Enterprise Architecture Summary

User Request


API Gateway (rate limiting, auth, DLP output scan)


TenantRAGClient (enforces tenant_id + role filters)

    ├── Exact Cache (Redis) ─── hit → return
    ├── Semantic Cache (Qdrant cache collection) ─── hit → return


Parallel Retrieval
    ├── Dense (Qdrant, filtered HNSW)
    └── Sparse (BM25 index)


Reranker (MiniLM local or Cohere API)


LLM Generation (Groq cloud or Ollama on-prem)


DLP Output Scanner (PII check before returning)

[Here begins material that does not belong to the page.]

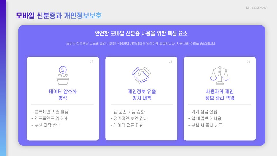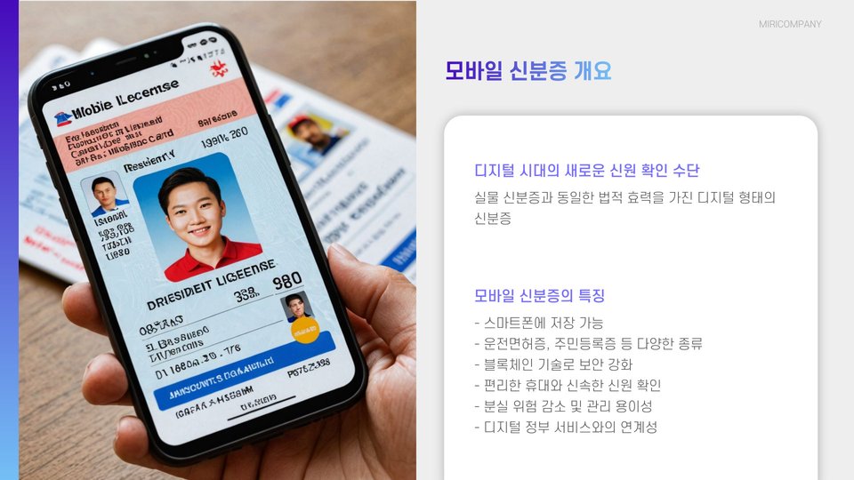 - 모바일 신분증은 디지털 형태의 신분증으로 편리함을 제공합니다.

AuditLogger.log_query() [immutable]


Response to User

Key Takeaways

  • Per-tenant collections provide strong isolation but scale poorly; metadata-filtered single collections are cost-effective but require a TenantClient wrapper that makes missing filters architecturally impossible.
  • Document-level access control via allowed_roles payloads is the RAG equivalent of row-level security — enforce it at the retrieval layer, not the application layer.
  • Scan every document for PII before indexing using both regex (SSN, credit card, email) and spaCy NER (person names); redact or flag and block indexing until reviewed.
  • Immutable audit logs (INSERT-only, UPDATE trigger) satisfy compliance requirements in finance, healthcare, and legal; log user_id, query, retrieved chunk IDs, and answer hash.
  • On-premise air-gapped deployment is fully viable: BGE-large + Qdrant + Ollama + Redis with no external API calls.
  • Incremental reindexing with SHA-256 content fingerprints avoids full rebuilds; only changed documents are rechunked and re-embedded.
  • SharePoint connectors use the Microsoft Graph delta endpoint to poll for changes since the last run, minimising API calls.
  • Enterprise SLA targets: 99.9% uptime (~8.7 hours downtime per year), faithfulness >0.80, and p99 retrieval latency <500 ms.